Task item:
Reproduce, exactly and in full, the lines from the one with "本 語 Complies" through the one with "The 7-ft., 7-in." in the data below; drop pictures.

Data for this exercise:
┄┄┄┄┄┄┄┄┄┄

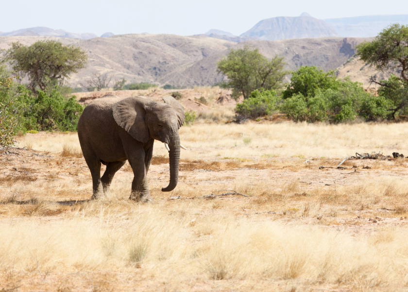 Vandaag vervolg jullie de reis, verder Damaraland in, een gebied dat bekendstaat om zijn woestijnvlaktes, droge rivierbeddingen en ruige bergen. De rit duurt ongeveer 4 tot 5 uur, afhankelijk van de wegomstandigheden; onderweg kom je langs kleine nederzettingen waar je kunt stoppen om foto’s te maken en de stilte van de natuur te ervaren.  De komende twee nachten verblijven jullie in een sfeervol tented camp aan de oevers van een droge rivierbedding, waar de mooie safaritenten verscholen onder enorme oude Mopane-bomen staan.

┄┄┄┄┄┄┄┄┄┄

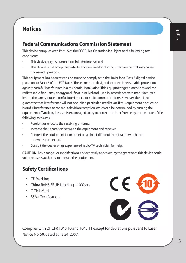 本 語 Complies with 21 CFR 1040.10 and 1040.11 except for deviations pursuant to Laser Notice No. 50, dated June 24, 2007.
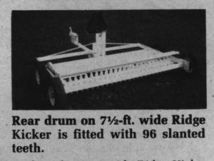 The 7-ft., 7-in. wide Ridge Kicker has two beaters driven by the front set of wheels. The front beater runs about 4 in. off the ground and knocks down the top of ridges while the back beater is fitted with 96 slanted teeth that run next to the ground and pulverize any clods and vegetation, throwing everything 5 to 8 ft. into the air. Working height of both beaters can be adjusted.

┄┄┄┄┄┄┄┄┄┄

Response box:
 本 語 Complies with 21 CFR 1040.10 and 1040.11 except for deviations pursuant to Laser Notice No. 50, dated June 24, 2007.
 The 7-ft., 7-in. wide Ridge Kicker has two beaters driven by the front set of wheels. The front beater runs about 4 in. off the ground and knocks down the top of ridges while the back beater is fitted with 96 slanted teeth that run next to the ground and pulverize any clods and vegetation, throwing everything 5 to 8 ft. into the air. Working height of both beaters can be adjusted.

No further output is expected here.